Hürrıyet
Hürrıyet HÜRRİYET (ÖZGÜRLÜK)
Hür olanın niteliği. Hür, kölenin karşıt
anlamlısıdır. Bununla birlikte hürriyet, köleliğin
karşıtı anlamından çok daha geniş ve neredeyse
tanımlanamaz bir kavramdır. Tutuklu olmayan bir
varlığın durumu, zorlamanın yokluğu, bir eylemi
yapma ya da yapmama gücü gibi tanımlar, kapsamlılık ve
kuşatıcılıktan çok uzak tanımlama
girişimleridir. Hürriyet, zaman zaman, ihtiyar, ihtiyarîlik,
serbestlik, güç, muhtar irade, Şer'î ruhsat, istiklal, serazatlık
gibi kelimelerle ifade edilir ya da bu kelimelerin yerine
kullanılır. Belli bir alanla ilgili hürriyet anlatılmak
istenildiğinde de özel olarak belirtme gereği duyulur. Sözgelimi
insanın seçme özgürlüğü manevî hürriyet, fiziki hürriyet,
maddî ya da cismanî hürriyet, vatandaşlık alanındaki hürriyet,
medenî hürriyet, siyaset alanındaki hürriyet, siyasî hürriyet
biçiminde ayrıca belirlenerek ifade edilir. Bu durum, bir bütün
olarak tanımlanamayan hürriyet kavramının bir takım
sınıflamalar içinde tanımlanması ihtiyacından
doğmuştur.
Hürriyet kavramının tanımlanabilmesi için
tarih boyunca çeşitli sınıflamalara gidilmiştir.

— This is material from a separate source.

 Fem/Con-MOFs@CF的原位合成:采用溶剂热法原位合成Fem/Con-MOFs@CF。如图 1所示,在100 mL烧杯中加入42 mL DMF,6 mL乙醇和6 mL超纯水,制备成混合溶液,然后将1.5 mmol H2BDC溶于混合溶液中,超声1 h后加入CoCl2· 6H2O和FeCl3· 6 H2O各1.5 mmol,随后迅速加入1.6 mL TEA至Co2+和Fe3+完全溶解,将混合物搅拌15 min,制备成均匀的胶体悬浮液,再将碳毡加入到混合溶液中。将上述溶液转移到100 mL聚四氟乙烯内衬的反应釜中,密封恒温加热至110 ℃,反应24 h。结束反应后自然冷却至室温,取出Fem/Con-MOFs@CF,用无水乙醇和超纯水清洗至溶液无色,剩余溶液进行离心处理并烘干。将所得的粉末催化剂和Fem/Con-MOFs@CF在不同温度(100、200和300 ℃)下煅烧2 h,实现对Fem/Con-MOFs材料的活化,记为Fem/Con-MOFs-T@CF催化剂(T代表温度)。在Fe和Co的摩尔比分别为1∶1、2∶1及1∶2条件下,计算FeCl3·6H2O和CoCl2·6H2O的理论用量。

Felsefi planda yapılan temel sınıflama, hürriyetin seçme
ve eylem hürriyetleri biçimindeki sınıflanmasıdır.
Eylem hürriyetinin toplumsal hayat içindeki tezahürlerini tanımlayabilmek
için de ayrı bir sınıflama yapılmıştır.
Toplumsal plandaki hürriyetler önce kamu hürriyetleri ve ferdi
hürriyetler olarak ikiye ayrılmıştır. Kamu hürriyetleri,
kişinin kamu fonksiyonlarına katılma hakkı ile siyasi
haklardan doğan hürriyetleridir. Ferdi hürriyetler de kendi içinde
maddî hürriyetler ve manevi hürriyetler olarak ikiye ayrılmıştır.

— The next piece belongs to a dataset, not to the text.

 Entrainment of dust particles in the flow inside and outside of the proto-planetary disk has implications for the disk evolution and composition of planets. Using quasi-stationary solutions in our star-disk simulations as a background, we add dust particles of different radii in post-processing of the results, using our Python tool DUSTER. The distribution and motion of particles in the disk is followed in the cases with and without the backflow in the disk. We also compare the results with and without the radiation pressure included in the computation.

Maddi hürriyetleri, fizikî hürriyet, barınma hürriyeti, mülk
edinme hürriyeti, çalışma hürriyeti, üretim hürriyeti,
tüketim hürriyeti gibi hürriyetlerden oluşur. Manevî hürriyetler
de din ve vicdan hürriyeti, düşünce hürriyeti, basın ve söz
hürriyeti, öğrenim hürriyeti, toplanma ve örgütlenme gibi
hürriyetleri içine alır. İslam kültüründe seçme ve eylem
hürriyeti, kamu hürriyetleri ile ferdi hürriyetler gereğince ele
alınmış ve belirlenmiştir.
İnsanın seçme ve eylem hürriyetinin
mahiyeti, sınırları üzerindeki tartışmalar düşünce
tarihi içinde önemli bir yer tutar. Seçme ve eylem hürriyetinin
mahiyet ve sınırlarının belirlenmesi, "insan seçerken
bütünüyle kayıtsız mıdır, yoksa birtakım neden
ve etkenlerle bağlı mıdır? Eğer seçimde kimi
neden ve etkenler etkili oluyorsa, bir seçme hürriyetinden söz
edilebilir mi? Seçimi doğrultusunda amacına ulaşmak için
eyleme geçen kişi tam anlamıyla hür müdür, yoksa kimi kısıtlayıcı,
sınırlayıcı engeller var mıdır?" gibi
sayısız sorunun araştırılmasını
gerektirir. Bütün bu araştırmalar insanın ne seçme, ne
de eylem hürriyetinin sınırsız olmadığı gerçeğini
ortaya koymuştur. İnsan seçerken tam belirleyici olmasa da kimi
nedenlere bağımlıdır. Eylem aşamasında da
kişi kendinden, fiziki çevreden, toplumdan, toplumun dinî ve
ahlakî inanç ve kabullerinden' gelen birçok engelle karşılaşır.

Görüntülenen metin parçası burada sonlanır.